-- Records for processing follows --

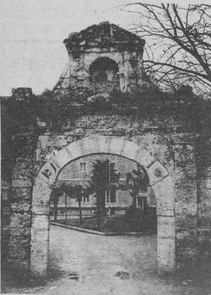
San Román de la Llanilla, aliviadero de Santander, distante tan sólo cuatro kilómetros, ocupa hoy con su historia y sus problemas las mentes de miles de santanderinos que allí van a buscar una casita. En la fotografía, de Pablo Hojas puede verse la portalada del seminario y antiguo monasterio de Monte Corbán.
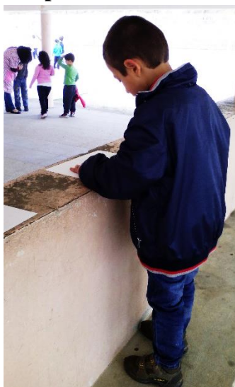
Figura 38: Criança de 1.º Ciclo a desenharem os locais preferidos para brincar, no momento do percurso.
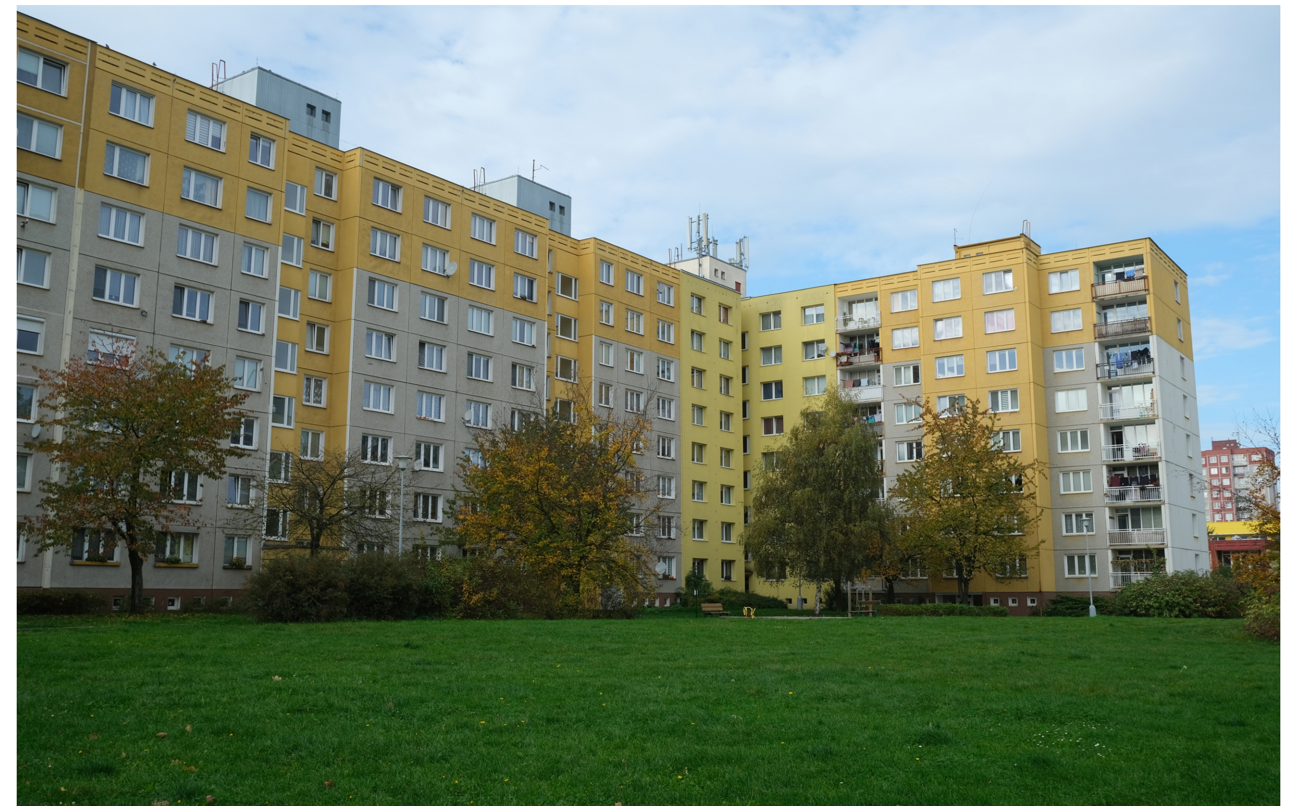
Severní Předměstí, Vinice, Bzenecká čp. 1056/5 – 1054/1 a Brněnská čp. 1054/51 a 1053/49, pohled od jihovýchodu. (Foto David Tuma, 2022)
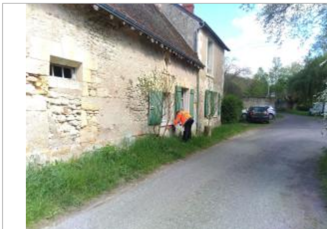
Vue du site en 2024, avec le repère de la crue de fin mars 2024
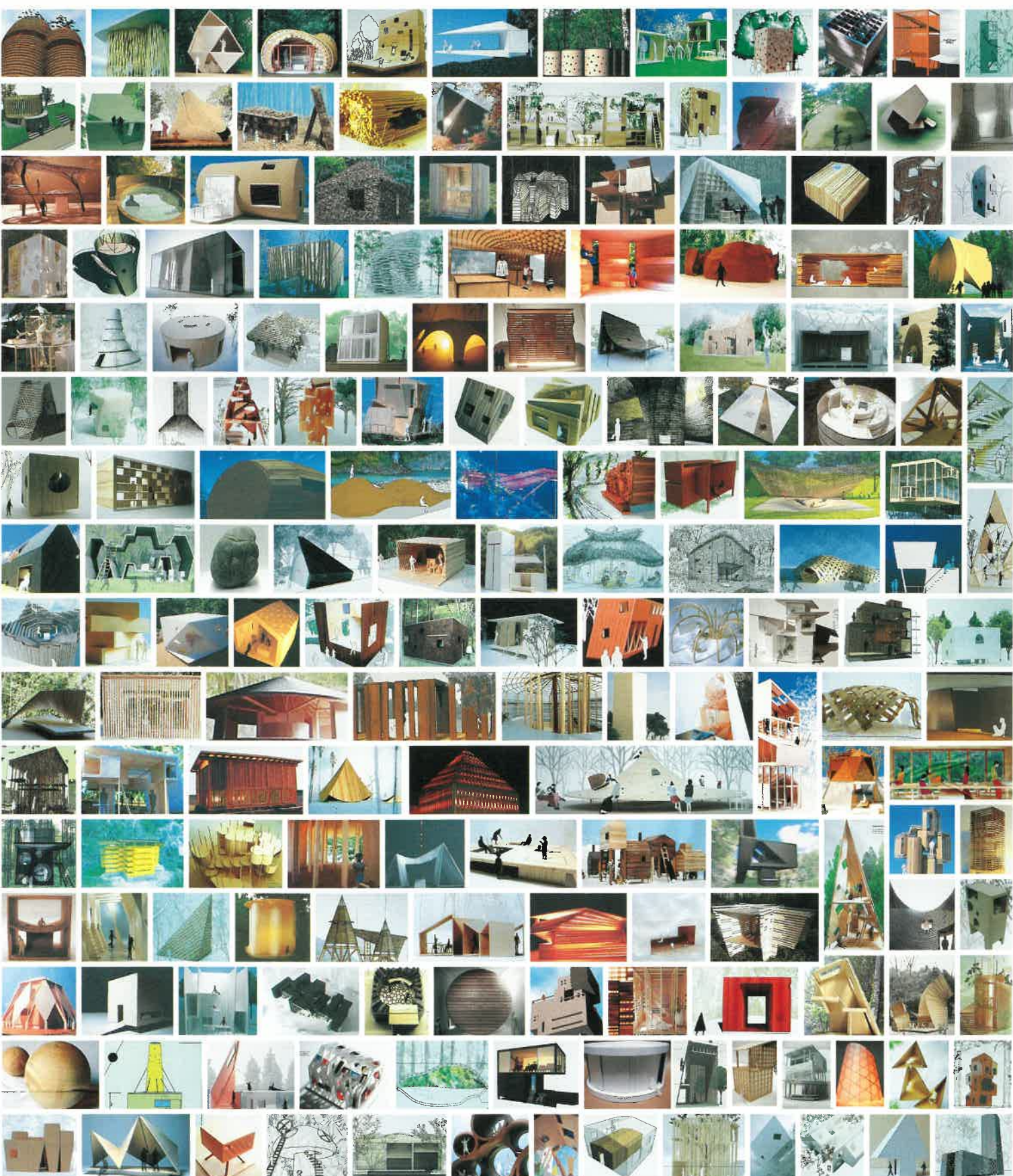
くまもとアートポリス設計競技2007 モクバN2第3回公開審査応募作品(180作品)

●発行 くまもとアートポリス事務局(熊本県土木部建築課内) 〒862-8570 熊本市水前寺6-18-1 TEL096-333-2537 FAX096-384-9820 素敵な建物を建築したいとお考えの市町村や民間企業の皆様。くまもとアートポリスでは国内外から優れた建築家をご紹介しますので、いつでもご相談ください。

-- Records for processing concluded --
-- Records for processing follows --

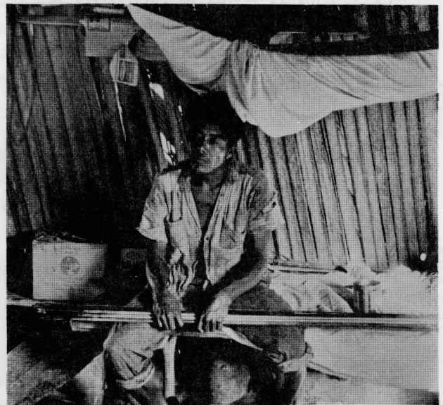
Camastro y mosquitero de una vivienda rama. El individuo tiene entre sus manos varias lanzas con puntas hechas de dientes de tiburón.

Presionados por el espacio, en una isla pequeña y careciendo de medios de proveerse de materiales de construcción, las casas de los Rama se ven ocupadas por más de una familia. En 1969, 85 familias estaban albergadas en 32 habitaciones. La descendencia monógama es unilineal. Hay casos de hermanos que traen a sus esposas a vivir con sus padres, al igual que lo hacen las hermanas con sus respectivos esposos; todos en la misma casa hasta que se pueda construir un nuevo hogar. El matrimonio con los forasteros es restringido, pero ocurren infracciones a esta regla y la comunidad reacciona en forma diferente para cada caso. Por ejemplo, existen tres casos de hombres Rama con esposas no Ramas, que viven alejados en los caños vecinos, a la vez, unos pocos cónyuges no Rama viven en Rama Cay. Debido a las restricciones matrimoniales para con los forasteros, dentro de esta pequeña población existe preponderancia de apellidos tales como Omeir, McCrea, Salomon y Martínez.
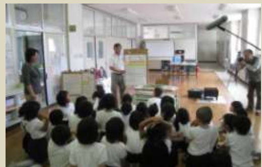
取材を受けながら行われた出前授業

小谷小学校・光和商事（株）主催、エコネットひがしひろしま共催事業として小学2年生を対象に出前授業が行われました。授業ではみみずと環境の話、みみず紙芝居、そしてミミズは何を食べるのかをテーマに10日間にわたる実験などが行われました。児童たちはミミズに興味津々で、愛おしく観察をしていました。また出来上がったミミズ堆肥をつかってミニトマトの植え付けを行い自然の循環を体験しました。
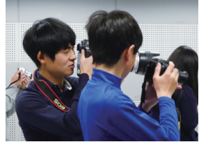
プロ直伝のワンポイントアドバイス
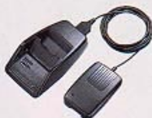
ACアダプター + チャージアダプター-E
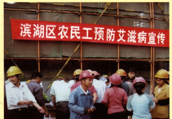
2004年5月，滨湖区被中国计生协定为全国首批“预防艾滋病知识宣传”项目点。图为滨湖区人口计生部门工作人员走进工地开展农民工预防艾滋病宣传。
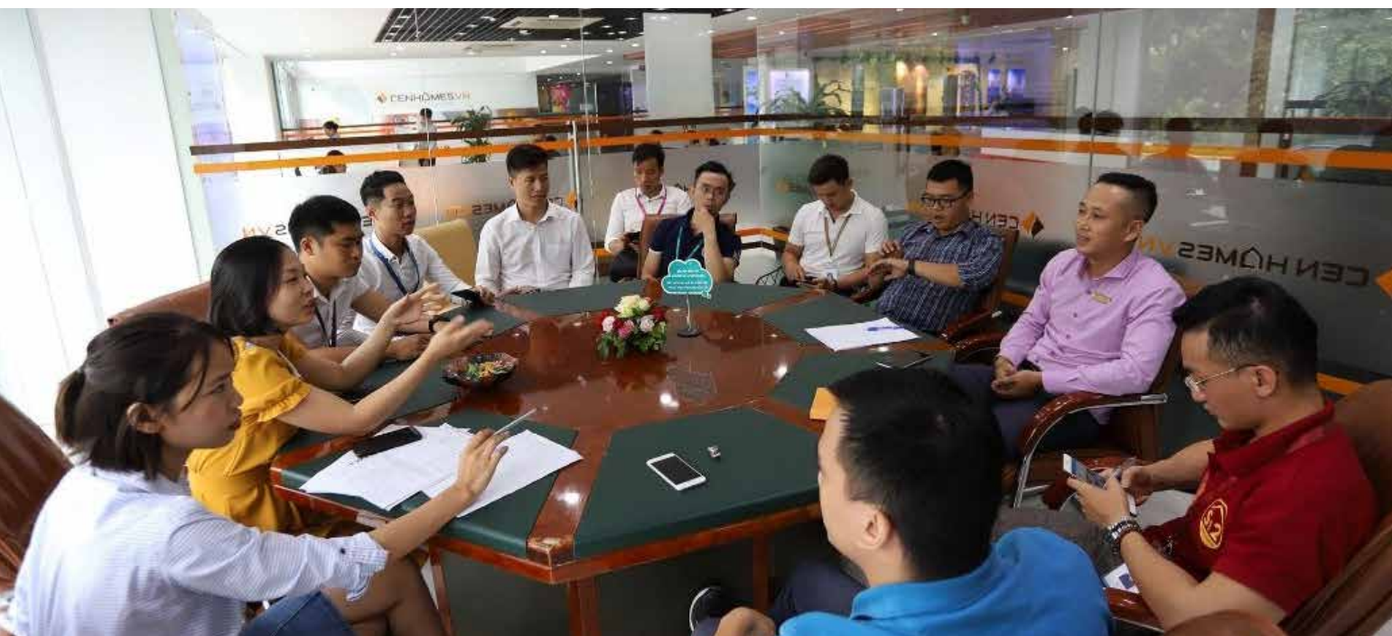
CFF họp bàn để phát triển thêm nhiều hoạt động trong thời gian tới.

-- Records for processing concluded --
-- Records for processing follows --

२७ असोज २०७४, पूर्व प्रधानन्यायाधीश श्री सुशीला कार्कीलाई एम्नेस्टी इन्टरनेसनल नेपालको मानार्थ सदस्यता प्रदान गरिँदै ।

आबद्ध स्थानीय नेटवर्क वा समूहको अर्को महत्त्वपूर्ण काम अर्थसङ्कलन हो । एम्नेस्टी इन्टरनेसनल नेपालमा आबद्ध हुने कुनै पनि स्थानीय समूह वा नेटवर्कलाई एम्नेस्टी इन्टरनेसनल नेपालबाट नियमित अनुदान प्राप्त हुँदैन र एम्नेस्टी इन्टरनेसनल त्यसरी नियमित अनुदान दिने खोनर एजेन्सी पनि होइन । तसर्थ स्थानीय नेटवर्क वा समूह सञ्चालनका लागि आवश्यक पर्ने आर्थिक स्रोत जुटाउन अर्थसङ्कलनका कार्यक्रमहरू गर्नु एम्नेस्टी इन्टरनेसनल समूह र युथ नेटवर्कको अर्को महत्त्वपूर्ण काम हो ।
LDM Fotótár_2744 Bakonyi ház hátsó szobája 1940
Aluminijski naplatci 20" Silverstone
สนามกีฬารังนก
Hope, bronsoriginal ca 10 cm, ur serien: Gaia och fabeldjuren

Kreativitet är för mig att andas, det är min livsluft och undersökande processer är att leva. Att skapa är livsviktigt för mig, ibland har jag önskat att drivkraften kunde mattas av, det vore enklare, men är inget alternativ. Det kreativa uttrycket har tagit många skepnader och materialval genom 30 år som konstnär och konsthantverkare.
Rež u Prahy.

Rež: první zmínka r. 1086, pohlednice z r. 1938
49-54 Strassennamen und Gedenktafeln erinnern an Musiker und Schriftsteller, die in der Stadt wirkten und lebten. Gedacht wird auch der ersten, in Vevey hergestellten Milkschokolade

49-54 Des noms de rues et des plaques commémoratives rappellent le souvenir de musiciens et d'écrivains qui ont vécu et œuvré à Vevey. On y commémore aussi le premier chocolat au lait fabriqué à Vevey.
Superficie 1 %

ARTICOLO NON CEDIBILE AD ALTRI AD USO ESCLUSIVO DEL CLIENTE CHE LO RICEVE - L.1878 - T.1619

-- Records for processing concluded --

Aim of the exercise: Beginning at the line above that contains "Figura 38: Criança" and going on through the line that contains "くまもとアートポリス設計競技", please copy every line exactly, leaving the pictures out and adding nothing.

Final answer:
Figura 38: Criança de 1.º Ciclo a desenharem os locais preferidos para brincar, no momento do percurso.
Severní Předměstí, Vinice, Bzenecká čp. 1056/5 – 1054/1 a Brněnská čp. 1054/51 a 1053/49, pohled od jihovýchodu. (Foto David Tuma, 2022)
Vue du site en 2024, avec le repère de la crue de fin mars 2024
くまもとアートポリス設計競技2007 モクバN2第3回公開審査応募作品(180作品)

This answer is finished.